Each protagonist has their own story set in chapters. Each character has 6 chapters and you progress through each one in whatever order you please. On a quick note, I love the addition of the “Previously on Last Stop” videos. It’s sometimes hard to remember every plot point when you’re playing through three different stories at once. Variable State probably realized this and added them to refresh the players’ memory.

Last Stop is a colorful and vibrant game in many of its set pieces. One thing that I will always set out to appreciate is art direction. While Last Stop isn’t especially distinct in terms of its look, what’s there shouldn’t be overlooked. There are certain design choices such as the decision not to give facial animations to a lot of the NPC’s. This is something that some may see as not enough “attention to detail.” In the end, it’s something I barely noticed and didn’t care about all that much considering it doesn’t impact anything noteworthy.

I’ll give the game this, Last Stop has a unique feel to it. From the main menu, I knew that the experience would at least be distinctive which is on par with most games published from Annapurna Interactive.
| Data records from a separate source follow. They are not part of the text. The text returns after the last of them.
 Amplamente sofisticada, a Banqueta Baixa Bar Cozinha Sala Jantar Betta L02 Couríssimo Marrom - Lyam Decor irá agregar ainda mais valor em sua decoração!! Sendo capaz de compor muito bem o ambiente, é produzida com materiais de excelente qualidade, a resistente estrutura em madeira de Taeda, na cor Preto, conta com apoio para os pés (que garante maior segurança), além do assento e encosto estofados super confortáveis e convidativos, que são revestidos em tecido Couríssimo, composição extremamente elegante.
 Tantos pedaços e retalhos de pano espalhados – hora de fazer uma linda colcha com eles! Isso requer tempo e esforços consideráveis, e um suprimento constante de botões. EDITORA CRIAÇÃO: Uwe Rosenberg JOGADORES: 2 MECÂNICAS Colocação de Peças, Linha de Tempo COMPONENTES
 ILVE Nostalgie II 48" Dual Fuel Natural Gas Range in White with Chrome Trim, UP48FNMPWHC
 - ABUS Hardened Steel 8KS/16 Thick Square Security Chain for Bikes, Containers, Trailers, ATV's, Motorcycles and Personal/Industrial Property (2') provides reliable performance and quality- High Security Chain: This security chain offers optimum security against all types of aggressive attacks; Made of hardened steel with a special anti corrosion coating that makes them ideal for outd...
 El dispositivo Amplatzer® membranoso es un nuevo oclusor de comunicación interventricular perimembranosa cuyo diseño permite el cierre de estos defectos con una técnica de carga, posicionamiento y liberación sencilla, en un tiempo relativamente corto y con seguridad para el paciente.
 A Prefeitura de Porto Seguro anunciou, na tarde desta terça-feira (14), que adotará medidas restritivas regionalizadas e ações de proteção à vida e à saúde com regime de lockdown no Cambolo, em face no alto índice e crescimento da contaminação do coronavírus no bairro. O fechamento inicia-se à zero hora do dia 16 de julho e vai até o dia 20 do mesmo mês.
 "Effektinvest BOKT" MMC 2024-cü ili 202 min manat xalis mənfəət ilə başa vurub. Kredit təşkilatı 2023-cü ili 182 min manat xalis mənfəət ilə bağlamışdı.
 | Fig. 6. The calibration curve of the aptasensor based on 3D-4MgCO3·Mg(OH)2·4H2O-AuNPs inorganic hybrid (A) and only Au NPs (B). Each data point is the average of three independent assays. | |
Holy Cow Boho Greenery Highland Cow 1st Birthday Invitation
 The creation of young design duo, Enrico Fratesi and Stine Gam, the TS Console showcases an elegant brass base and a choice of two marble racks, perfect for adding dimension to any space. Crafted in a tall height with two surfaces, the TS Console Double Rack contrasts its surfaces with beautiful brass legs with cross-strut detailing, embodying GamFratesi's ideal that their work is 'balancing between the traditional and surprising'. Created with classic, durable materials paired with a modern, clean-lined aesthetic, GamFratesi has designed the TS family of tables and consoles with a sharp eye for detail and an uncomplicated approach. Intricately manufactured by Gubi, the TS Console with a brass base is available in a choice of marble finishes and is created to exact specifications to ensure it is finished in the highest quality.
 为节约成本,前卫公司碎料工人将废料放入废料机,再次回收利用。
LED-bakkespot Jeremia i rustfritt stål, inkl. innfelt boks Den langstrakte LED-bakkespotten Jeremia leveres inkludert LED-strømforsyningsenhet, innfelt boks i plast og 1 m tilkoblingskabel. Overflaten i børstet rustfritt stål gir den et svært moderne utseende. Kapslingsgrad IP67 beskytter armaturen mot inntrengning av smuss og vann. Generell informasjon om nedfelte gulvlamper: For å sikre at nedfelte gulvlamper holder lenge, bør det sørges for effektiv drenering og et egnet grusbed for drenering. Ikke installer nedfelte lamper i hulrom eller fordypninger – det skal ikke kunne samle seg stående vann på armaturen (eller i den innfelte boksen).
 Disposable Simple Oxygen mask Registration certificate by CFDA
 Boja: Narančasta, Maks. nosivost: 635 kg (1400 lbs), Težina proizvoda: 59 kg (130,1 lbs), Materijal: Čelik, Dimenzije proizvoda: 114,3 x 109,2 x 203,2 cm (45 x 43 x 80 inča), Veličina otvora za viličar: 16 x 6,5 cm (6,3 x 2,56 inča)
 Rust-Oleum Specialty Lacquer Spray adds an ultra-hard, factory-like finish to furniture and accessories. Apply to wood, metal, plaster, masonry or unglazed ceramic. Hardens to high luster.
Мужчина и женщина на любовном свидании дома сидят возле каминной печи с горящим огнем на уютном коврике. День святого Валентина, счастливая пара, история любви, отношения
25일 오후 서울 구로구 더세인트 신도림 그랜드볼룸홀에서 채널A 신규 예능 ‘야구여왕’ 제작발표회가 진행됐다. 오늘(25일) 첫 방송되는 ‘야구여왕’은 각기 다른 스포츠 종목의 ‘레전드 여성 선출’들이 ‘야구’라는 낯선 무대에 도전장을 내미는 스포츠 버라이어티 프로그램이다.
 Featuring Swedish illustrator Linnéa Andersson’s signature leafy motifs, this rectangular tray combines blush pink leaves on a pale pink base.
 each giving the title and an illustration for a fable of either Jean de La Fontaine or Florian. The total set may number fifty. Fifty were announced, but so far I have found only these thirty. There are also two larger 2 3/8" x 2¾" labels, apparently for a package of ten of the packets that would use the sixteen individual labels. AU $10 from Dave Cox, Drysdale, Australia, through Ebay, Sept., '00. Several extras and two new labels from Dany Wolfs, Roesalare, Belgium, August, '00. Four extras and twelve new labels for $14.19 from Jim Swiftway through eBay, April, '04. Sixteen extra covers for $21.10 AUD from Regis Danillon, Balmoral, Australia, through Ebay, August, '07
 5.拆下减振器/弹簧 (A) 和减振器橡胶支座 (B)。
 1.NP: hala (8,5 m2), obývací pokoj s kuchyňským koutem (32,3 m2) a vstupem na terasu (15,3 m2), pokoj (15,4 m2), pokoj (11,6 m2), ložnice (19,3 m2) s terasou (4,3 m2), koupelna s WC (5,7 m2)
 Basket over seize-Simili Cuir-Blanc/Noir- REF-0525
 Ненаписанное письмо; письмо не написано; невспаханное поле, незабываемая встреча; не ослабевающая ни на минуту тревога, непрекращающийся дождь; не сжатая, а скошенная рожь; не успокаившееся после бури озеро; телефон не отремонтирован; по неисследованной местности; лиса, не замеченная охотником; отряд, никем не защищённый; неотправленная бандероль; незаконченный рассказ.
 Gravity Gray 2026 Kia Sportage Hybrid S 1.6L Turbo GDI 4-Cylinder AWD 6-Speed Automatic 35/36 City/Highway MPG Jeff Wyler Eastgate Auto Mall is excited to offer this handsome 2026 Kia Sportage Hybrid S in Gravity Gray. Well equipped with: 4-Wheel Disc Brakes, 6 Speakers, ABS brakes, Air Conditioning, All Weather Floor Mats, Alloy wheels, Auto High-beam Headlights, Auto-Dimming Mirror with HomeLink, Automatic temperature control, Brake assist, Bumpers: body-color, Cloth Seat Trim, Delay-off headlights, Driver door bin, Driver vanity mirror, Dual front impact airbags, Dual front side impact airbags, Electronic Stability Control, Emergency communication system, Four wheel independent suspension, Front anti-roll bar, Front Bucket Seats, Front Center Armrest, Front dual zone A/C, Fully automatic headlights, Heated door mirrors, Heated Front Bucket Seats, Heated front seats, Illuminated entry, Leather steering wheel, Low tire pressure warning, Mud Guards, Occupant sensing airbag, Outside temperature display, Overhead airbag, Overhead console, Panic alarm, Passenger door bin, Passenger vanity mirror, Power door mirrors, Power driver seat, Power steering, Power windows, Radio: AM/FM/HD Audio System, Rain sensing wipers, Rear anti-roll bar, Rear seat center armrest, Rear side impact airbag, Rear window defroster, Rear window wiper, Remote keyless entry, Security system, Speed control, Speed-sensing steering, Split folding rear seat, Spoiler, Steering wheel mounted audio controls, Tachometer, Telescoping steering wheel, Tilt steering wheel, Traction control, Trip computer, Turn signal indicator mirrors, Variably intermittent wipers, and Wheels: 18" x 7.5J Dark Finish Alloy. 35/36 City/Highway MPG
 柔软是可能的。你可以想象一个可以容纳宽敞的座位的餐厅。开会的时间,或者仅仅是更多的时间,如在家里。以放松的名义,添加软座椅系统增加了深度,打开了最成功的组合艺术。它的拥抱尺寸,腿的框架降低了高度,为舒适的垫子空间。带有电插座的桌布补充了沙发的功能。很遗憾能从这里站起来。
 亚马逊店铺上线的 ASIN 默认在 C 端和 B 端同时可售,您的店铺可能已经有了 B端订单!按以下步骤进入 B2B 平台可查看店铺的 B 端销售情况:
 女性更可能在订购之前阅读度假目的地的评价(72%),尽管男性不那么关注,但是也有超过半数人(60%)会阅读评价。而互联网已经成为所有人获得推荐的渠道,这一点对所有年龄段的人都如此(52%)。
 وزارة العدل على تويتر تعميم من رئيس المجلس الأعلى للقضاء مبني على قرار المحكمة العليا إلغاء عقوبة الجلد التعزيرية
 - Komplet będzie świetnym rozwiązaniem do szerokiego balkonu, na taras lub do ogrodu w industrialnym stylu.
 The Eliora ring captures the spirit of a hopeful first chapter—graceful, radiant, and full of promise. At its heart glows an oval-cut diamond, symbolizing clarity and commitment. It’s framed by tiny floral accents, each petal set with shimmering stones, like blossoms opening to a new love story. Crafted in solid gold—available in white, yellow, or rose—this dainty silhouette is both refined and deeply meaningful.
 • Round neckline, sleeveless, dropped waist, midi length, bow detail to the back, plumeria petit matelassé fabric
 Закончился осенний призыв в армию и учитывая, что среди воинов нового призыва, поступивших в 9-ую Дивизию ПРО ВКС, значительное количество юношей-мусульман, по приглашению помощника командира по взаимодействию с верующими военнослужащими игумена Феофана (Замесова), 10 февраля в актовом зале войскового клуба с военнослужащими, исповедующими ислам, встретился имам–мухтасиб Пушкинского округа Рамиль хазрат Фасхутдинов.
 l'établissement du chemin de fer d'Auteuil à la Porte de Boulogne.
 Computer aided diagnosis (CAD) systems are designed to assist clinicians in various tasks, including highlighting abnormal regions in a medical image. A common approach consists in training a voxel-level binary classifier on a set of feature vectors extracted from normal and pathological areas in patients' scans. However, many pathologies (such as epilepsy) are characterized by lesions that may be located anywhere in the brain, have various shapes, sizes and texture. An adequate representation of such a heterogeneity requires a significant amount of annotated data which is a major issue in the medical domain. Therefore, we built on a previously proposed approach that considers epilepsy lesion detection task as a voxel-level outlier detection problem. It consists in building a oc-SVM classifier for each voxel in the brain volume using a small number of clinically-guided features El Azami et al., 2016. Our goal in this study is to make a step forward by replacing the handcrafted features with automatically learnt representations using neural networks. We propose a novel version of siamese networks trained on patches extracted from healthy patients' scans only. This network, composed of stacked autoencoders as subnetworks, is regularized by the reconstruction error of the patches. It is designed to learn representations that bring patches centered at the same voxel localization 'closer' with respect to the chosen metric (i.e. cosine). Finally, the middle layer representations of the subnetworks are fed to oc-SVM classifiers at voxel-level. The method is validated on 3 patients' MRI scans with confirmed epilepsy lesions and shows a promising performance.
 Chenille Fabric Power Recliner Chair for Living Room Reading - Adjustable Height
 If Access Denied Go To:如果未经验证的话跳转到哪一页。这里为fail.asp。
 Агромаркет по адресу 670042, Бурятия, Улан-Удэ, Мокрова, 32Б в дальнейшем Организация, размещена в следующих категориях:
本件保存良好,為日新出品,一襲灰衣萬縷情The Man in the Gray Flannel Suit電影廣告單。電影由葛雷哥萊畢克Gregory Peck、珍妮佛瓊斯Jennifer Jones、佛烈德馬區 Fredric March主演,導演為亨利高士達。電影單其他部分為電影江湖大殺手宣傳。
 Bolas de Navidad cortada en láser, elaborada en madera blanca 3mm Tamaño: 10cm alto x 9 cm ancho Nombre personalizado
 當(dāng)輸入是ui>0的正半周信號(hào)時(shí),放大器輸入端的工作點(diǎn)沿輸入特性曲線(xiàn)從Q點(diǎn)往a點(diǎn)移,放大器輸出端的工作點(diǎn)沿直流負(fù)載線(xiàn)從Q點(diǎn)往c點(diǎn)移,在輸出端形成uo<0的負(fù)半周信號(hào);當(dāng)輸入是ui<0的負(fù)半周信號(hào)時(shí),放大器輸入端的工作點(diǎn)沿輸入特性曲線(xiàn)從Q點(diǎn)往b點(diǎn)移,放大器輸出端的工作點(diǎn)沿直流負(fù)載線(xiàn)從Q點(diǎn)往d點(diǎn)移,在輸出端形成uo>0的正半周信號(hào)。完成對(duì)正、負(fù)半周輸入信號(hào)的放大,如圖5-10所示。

When you’re controlling your character, for the most part, you’ll be wandering from place to place. When walking in a large area, the camera angle will shift continuously. You’ll have an overhead shot heading into a tunnel, then when you enter the tunnel the camera will change to the backs of your character and so on. The camera shifts may not be important to most but I grew to enjoy them.

I will say that that this game is polished and I didn’t experience a single bug or glitch throughout my entire playthrough. Although, some animations can feel a bit janky specifically in regards to the movement. For example, when a character walks up and downstairs it looks like their feet teleport from step to step instead of moving organically.

Last Stop isn’t a bad game by any means, I can’t say I found the game boring at all. I feel that Variable State set out to make a unique game and they succeeded on that front. It’s just that the fact that dialogue for about 95% of the game doesn’t mean a thing. The dialogue itself is good and even great in some parts but I can’t say that your choices not making a difference for a majority of the game didn’t hurt it.

Its large bright spots are definitely its dialogue, art direction, and John’s story in particular. Last Stop is a good game for what it is, it just has a couple of noteworthy issues. It’s not a long game at all, I finished it in about 5-6 hours and I suspect that the average player will as well. So for my first title from Variable State had its ups and downs but I have no doubt they’ll improve on them in their next title.